(Beginning of SUPPLIED DATA)
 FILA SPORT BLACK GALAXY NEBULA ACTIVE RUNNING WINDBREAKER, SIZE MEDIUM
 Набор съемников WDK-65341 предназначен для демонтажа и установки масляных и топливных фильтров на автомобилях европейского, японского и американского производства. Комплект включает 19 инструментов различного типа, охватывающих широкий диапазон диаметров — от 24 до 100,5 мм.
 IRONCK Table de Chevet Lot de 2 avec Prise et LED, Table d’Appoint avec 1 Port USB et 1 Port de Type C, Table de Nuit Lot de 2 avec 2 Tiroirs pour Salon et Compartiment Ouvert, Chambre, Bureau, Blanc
(End of SUPPLIED DATA)
(Beginning of SUPPLIED DATA)
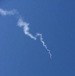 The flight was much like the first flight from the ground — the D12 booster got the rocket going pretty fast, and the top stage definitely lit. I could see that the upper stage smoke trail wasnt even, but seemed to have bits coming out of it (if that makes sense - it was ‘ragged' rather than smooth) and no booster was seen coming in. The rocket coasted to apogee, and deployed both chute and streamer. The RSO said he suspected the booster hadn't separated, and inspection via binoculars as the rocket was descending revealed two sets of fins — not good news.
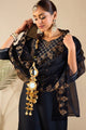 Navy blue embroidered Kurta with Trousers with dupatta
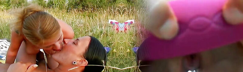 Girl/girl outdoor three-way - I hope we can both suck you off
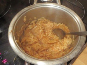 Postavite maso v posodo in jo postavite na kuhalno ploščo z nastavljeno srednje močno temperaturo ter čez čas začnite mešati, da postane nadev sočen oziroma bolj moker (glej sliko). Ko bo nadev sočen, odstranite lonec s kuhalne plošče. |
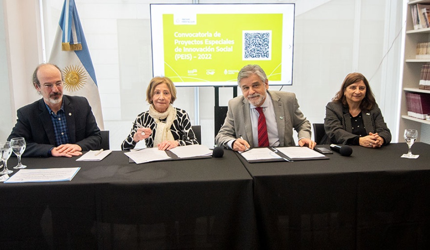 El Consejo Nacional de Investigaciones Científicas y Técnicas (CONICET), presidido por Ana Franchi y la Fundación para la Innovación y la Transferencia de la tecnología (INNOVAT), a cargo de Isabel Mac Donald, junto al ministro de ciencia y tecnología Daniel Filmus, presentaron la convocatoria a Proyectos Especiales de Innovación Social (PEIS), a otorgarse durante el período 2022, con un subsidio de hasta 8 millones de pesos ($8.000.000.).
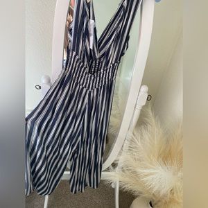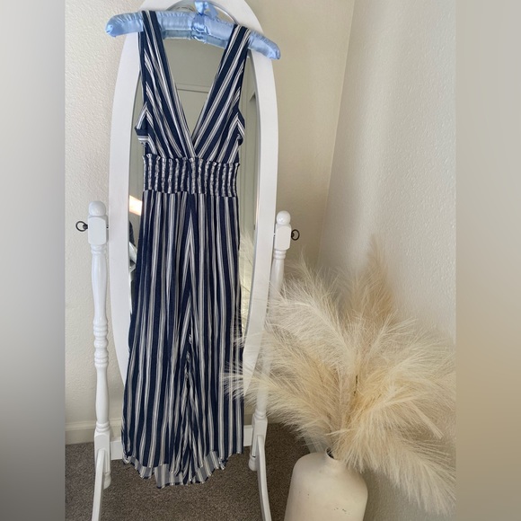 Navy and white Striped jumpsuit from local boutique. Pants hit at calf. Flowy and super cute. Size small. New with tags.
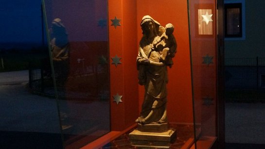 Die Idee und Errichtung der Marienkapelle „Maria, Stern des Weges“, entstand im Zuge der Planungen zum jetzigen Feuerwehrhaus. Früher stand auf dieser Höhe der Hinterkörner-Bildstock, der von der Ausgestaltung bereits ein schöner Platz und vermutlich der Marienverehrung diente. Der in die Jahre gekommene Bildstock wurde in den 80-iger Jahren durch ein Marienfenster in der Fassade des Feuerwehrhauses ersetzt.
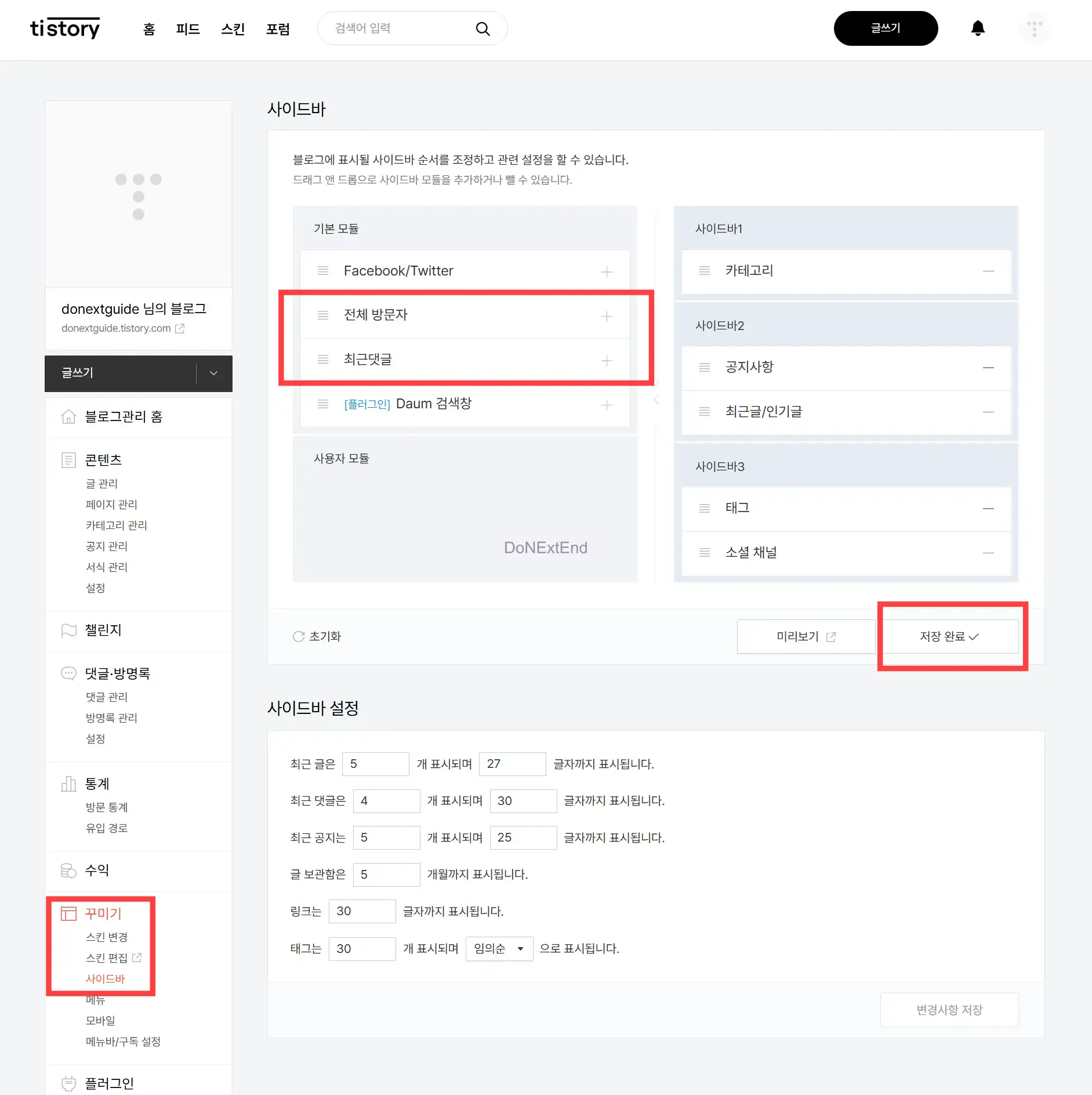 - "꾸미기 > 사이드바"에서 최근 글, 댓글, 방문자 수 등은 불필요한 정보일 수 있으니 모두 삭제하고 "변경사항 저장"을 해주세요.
(End of SUPPLIED DATA)
EXERCISE BRIEF - Between and including the line with "El Consejo Nacional" and the line with "등은 불필요한 정보일", repeat every line exactly as it appears above, with pictures left out.

OUTPUT BELOW -
 El Consejo Nacional de Investigaciones Científicas y Técnicas (CONICET), presidido por Ana Franchi y la Fundación para la Innovación y la Transferencia de la tecnología (INNOVAT), a cargo de Isabel Mac Donald, junto al ministro de ciencia y tecnología Daniel Filmus, presentaron la convocatoria a Proyectos Especiales de Innovación Social (PEIS), a otorgarse durante el período 2022, con un subsidio de hasta 8 millones de pesos ($8.000.000.).
 Navy and white Striped jumpsuit from local boutique. Pants hit at calf. Flowy and super cute. Size small. New with tags.
 Die Idee und Errichtung der Marienkapelle „Maria, Stern des Weges“, entstand im Zuge der Planungen zum jetzigen Feuerwehrhaus. Früher stand auf dieser Höhe der Hinterkörner-Bildstock, der von der Ausgestaltung bereits ein schöner Platz und vermutlich der Marienverehrung diente. Der in die Jahre gekommene Bildstock wurde in den 80-iger Jahren durch ein Marienfenster in der Fassade des Feuerwehrhauses ersetzt.
 - "꾸미기 > 사이드바"에서 최근 글, 댓글, 방문자 수 등은 불필요한 정보일 수 있으니 모두 삭제하고 "변경사항 저장"을 해주세요.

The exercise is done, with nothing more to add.